After adding a more accurate timing code and enabling full optimization on the C compiler, both C and BMax end up taking 9.45 seconds to execute the program.

I then tried the quicksort algorithm as an additional test. After increasing num to 1'000'000 (since quicksort is so fast :) ), BMax ended up taking 200 seconds to complete, while the C program took 175 seconds.
I'm sure the difference would increase even more if one were to take longer, more involved code and especially code involving lots of data and lots of math (since C/++ is the number crunching language).

So for application programming and most fields of games programming, BMax actually performs pretty decent.
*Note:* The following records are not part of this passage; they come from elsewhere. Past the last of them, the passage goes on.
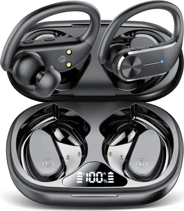 Ear buds Wireless Bluetooth Earbuds, Sport Bluetooth 5.3 Headphones with LED Display , 68H Playtime, Powerful Bass Over Ear Earphones with Earhooks IP8 Waterproof for Gym/Running/Workout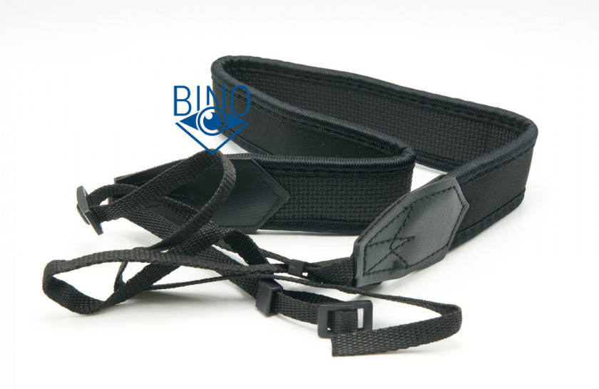 Нашейный ремешок неопреновый, простой по качеству, но хорошо тянется. Шириной 35мм и толщиной 5мм, покрыт тканью только с наружной стороны. Он подходит для разгрузки шеи от веса этого вполне лёгкого бинокля (545гр). Хотя для длительного ношения летом лучше использовать ремешок пошире, в другие сезоны носить бинокль, заправив ремешок за воротник куртки, нормально. Проушины для ремешка по бокам тубусов достаточно выступают наружу для продевания в них тесёмок ремешка.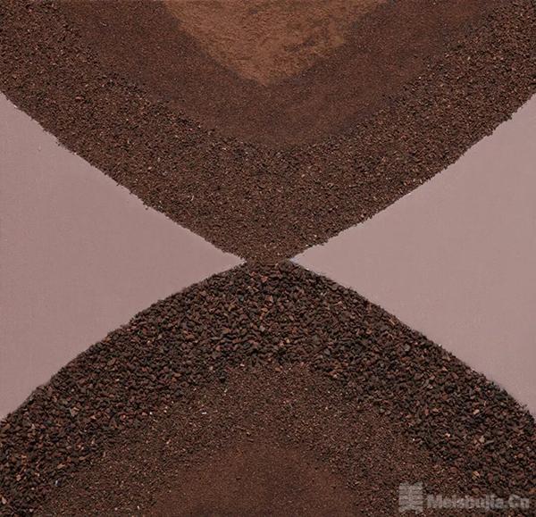这批作品所呈现的,是材料的“物性”在重新获得尊严之后能够抵达的意义深度。那些赭色的颗粒,疏密之间自有节律,浓淡之中潜藏温度,构成的肌理从不趋向装饰,而始终指向一种更为根本的自然物属性——生长、消散、沉积、残留。观看这些作品,你可能首先感知到的是一种触觉性的亲近,那是植物与土地的气息,是时间作用于有机物质后留下的痕迹——这种感知先于任何观念解读而存在。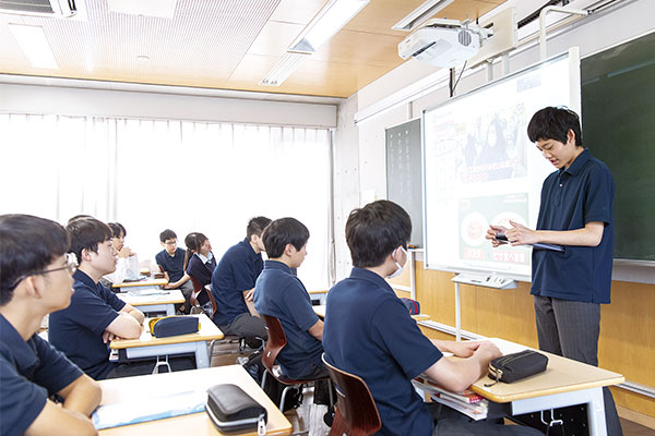 「こうした取り組みによって、文章力の向上に加え、生徒たちは人前で話すことにも次第に慣れていきます。本校では全生徒が『中学生の主張』『中学生弁論大会』に参加しますが、毎年上位入賞者を輩出していますし、大学や会社で『プレゼンがうまい』と褒められた卒業生の声もよく耳にします。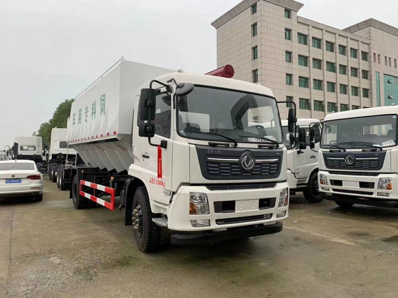 东风天锦单桥24立方国五散装饲料运输车:东风天锦驾驶室,康明斯180马力,法士特小8档变速箱,5000mm轴距,10.00R20钢丝胎,电动门窗,中控锁,ABS,方向助力,空调,整车尺寸:9000×2450×3800mm;罐体材质采用4mm优质碳钢板,整车3条绞龙,由3个5.5KW电机带动(西门子),顶部绞龙用液压控制举升,可左右旋转180°。罐体内分为叁个仓,可以独立控制各分仓卸料顺序和速度。

If you're working with a lot of math and performance is important (or if you're going to use multithreading, heh), writing an external piece of C/++ code to use with your BMax code is not a bad idea.

Here are my modified codes for BMax and C (with the quicksort code).





Yasha(Posted 2012) [#8]
They both produce native machine code, so the language is almost immaterial.


This is like saying "two students both speak English, so they will write the same essay". There isn't but-one way to express a given computation in machine code - B3D produces it too, but it would likely be much slower because it doesn't do any optimisation at all.

On the other hand there's going to be a limit to how well a compiler can optimise a simple program like this (short of recognising a sorting operation at compile time, both BlitzMax and GCC have probably made it as fast as it will get). If you really want to test optimisation, you need to give them a slightly more complex program that has some greater potential to be heavily rewritten. The C++ vs. BlitzMax geometry functions in miniB3D might be a decent example of something like that.

(Technically yes, the language is immaterial and the compiler is what matters, but there's only one compiler for BlitzMax.)


AntonyWells(Posted 2012) [#9]
Lol, not quite, my point is they both have the same theoretical top speed, considering they both support threads etc and of course blitz can import C++ libs for things like OpenCL for further speed up.

All in all, I'd say C++ is probably faster-ish, but the benefits of the blitz language make up for it I'd say.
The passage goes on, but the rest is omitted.